Type again, exactly, the lines below from the start through the line that includes "Klasyczny płaszcz jednorzędowy".

━━━ ENTRIES SHOWN

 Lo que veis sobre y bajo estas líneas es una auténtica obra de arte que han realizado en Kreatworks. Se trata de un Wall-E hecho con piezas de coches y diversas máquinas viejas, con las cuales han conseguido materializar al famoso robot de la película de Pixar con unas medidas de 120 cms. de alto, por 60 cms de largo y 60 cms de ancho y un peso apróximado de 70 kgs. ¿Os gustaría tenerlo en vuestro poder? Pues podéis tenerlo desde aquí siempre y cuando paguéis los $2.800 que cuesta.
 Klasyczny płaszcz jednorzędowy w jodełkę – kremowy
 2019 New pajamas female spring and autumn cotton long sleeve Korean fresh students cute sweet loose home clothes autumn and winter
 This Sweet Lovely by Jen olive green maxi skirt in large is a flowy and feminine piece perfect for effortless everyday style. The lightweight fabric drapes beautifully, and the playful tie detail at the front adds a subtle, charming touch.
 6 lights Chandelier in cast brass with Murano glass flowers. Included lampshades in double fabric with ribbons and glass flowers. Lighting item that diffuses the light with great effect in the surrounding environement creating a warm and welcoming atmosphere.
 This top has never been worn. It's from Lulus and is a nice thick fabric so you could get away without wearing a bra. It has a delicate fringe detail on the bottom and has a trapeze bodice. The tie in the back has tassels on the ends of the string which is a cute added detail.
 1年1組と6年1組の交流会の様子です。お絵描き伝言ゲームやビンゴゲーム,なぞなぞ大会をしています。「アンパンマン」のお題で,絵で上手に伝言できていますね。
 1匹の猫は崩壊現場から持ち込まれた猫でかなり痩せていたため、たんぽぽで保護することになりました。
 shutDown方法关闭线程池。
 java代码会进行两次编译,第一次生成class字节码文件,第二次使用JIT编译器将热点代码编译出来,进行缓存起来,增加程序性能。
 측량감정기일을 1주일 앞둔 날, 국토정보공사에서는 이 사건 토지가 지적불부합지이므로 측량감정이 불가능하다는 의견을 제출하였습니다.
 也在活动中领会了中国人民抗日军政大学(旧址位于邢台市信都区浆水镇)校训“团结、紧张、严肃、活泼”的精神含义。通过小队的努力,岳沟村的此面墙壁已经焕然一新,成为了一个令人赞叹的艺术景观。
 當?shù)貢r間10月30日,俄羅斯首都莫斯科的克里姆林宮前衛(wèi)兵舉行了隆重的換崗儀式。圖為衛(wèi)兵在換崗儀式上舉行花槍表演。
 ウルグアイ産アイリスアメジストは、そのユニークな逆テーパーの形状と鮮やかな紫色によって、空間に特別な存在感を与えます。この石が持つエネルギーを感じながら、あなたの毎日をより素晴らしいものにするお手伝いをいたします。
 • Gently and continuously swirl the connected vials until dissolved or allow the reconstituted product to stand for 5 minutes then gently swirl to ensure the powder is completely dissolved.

━━━━━━

SOLUTION TO THE EXERCISE:
 Lo que veis sobre y bajo estas líneas es una auténtica obra de arte que han realizado en Kreatworks. Se trata de un Wall-E hecho con piezas de coches y diversas máquinas viejas, con las cuales han conseguido materializar al famoso robot de la película de Pixar con unas medidas de 120 cms. de alto, por 60 cms de largo y 60 cms de ancho y un peso apróximado de 70 kgs. ¿Os gustaría tenerlo en vuestro poder? Pues podéis tenerlo desde aquí siempre y cuando paguéis los $2.800 que cuesta.
 Klasyczny płaszcz jednorzędowy w jodełkę – kremowy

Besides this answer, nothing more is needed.